DIRECTIONS FOR THIS TASK:
The answer must consist solely of the lines below starting at the one containing "- Katalog-Nr: 1602Zwei" and ending at the one containing "Bring the outside", repeated exactly, with both ends included and all pictures omitted.

TASK MATERIAL:
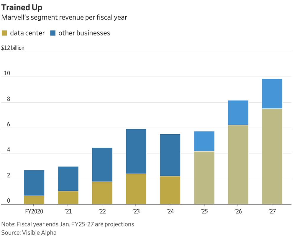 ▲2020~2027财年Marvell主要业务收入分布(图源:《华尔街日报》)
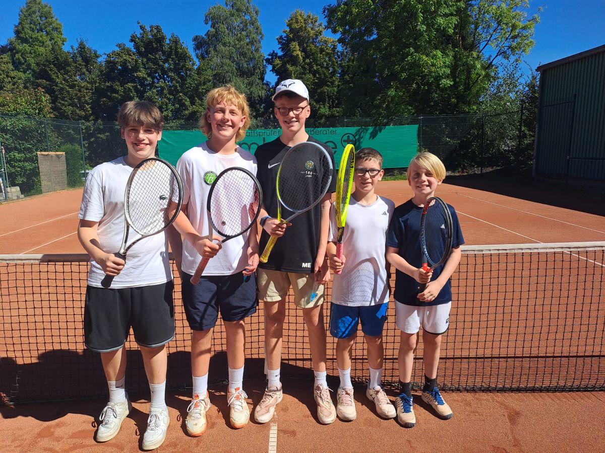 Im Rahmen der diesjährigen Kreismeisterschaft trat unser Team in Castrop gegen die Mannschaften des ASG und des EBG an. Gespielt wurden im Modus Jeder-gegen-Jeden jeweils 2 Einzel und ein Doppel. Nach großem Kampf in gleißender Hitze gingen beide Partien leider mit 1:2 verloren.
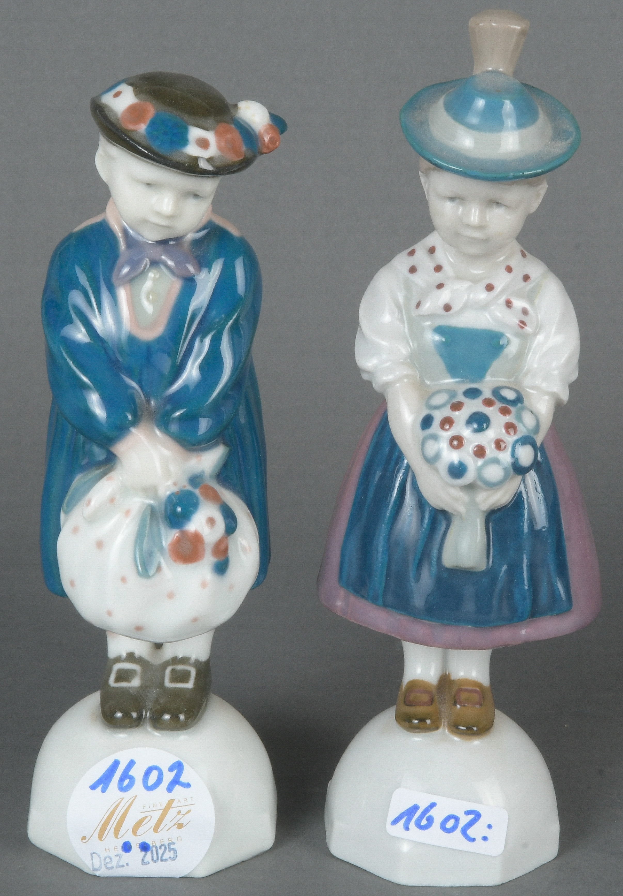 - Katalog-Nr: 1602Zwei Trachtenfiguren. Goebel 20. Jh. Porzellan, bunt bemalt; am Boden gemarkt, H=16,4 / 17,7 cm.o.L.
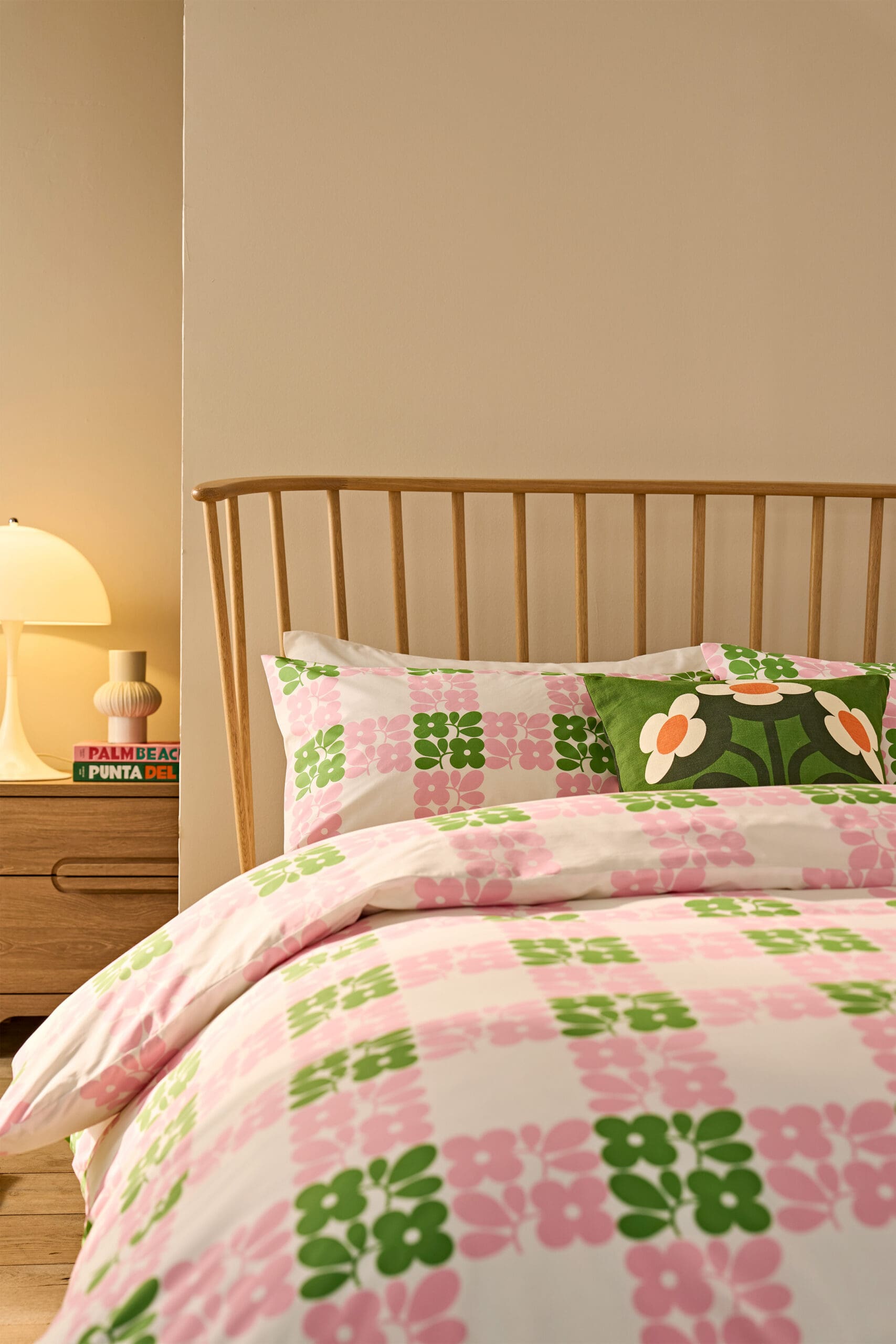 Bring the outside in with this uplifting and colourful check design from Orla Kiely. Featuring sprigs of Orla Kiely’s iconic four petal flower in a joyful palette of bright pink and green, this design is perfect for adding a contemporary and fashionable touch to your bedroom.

==

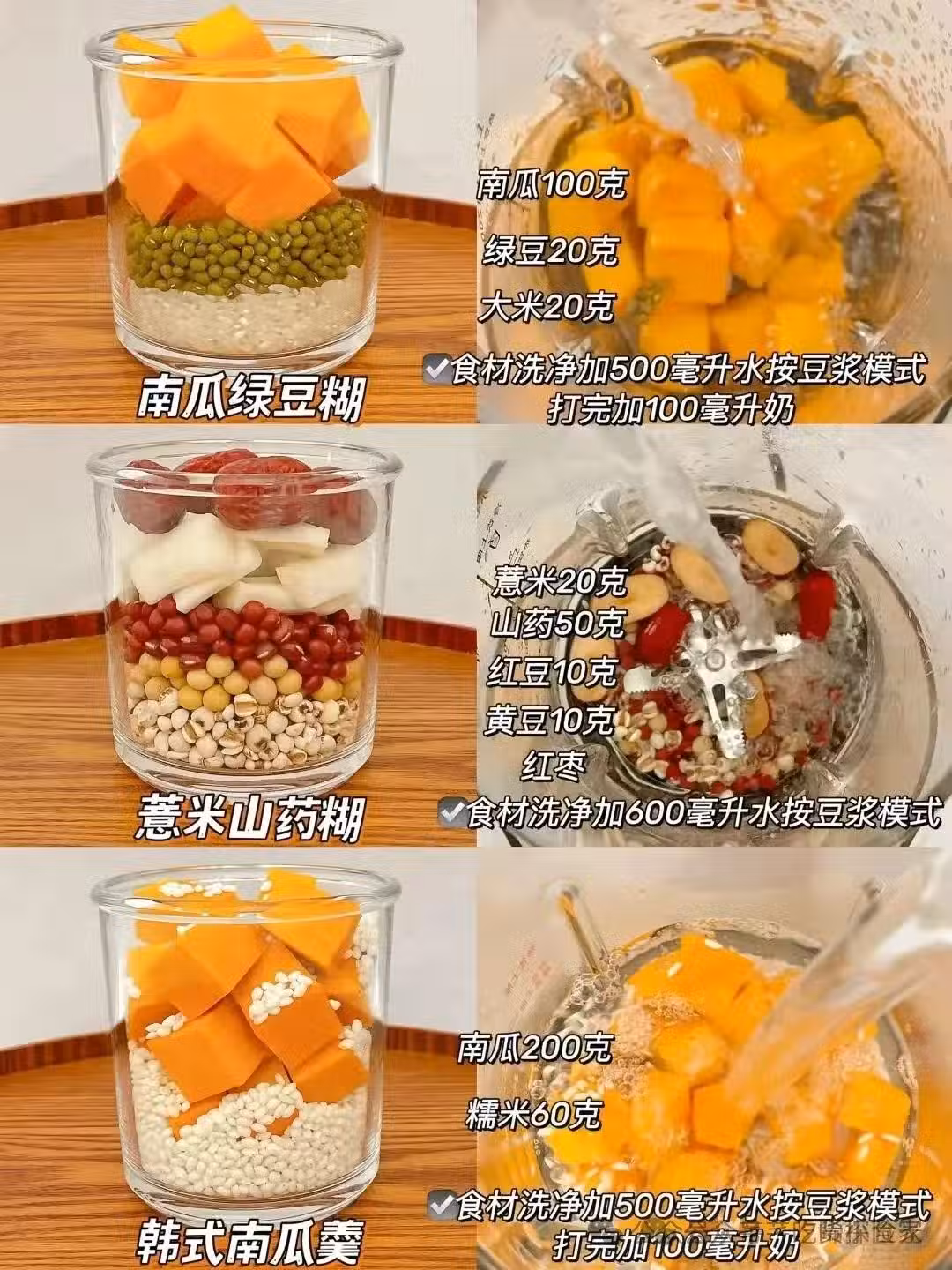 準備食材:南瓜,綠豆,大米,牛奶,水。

RESPONSE AREA:
 - Katalog-Nr: 1602Zwei Trachtenfiguren. Goebel 20. Jh. Porzellan, bunt bemalt; am Boden gemarkt, H=16,4 / 17,7 cm.o.L.
 Bring the outside in with this uplifting and colourful check design from Orla Kiely. Featuring sprigs of Orla Kiely’s iconic four petal flower in a joyful palette of bright pink and green, this design is perfect for adding a contemporary and fashionable touch to your bedroom.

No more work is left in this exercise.